As she opened the door she felt an overwhelming sense of terror, as if a murderer was stepping into her home. The skin on the back of her neck prickled.
‘Come in,’ she said. ‘The body is on the beach. This way.’
3
He sat in his car, watching for signs of life. Or what passed for life these days. Los Angeles seemed to attract scum like a decomposing corpse bred maggots.
City of angels? City of sinners, more like.

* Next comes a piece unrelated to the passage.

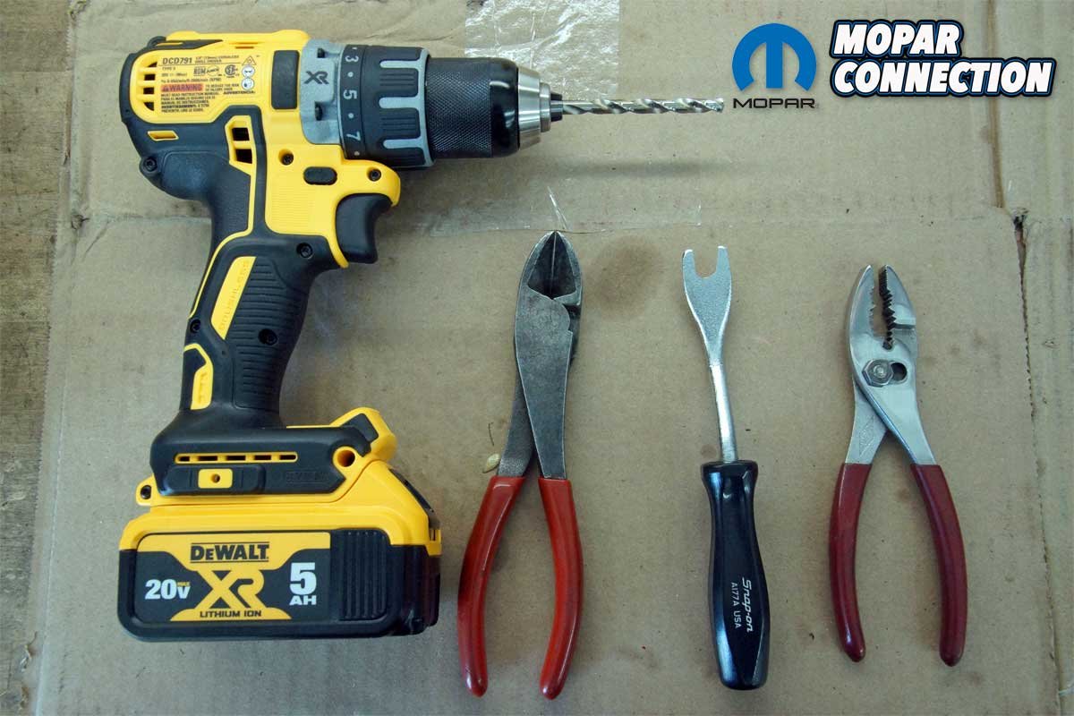 Top Left: We worked from the center rivets outward to the ends of the spoiler. Each fastener was rechecked for its tightness before we proceeded. Top Right: Each rivet pin was cut off with a pair of side cutters. All the pins were discarded. Bottom Left: The installation took about an hour. We applied a little spray wax to the spoiler to remove any fingerprints and protect the surface. Bottom Right: The tools necessary for the installation were a drill, ¼-inch drill bit, side cutters, a door panel removal tool, and a pair of pliers.

A metropolis of immorality, where baseness, lust, passion, violence and crime ruled. America had embraced the spirit of self-expression, of self-esteem. Which was all well and good, he said to himself, until it had mutated into the cult of self-interest. People seemed to think they could say and do whatever they liked these days, without due regard for others. Young girls wore slutty dresses and talked like porn stars. Gays congregated in warehouses and rutted like animals. And those folk in the film business all seemed to be high on one drug or another. If LA was supposed to be the ultimate expression of America then what hope was there?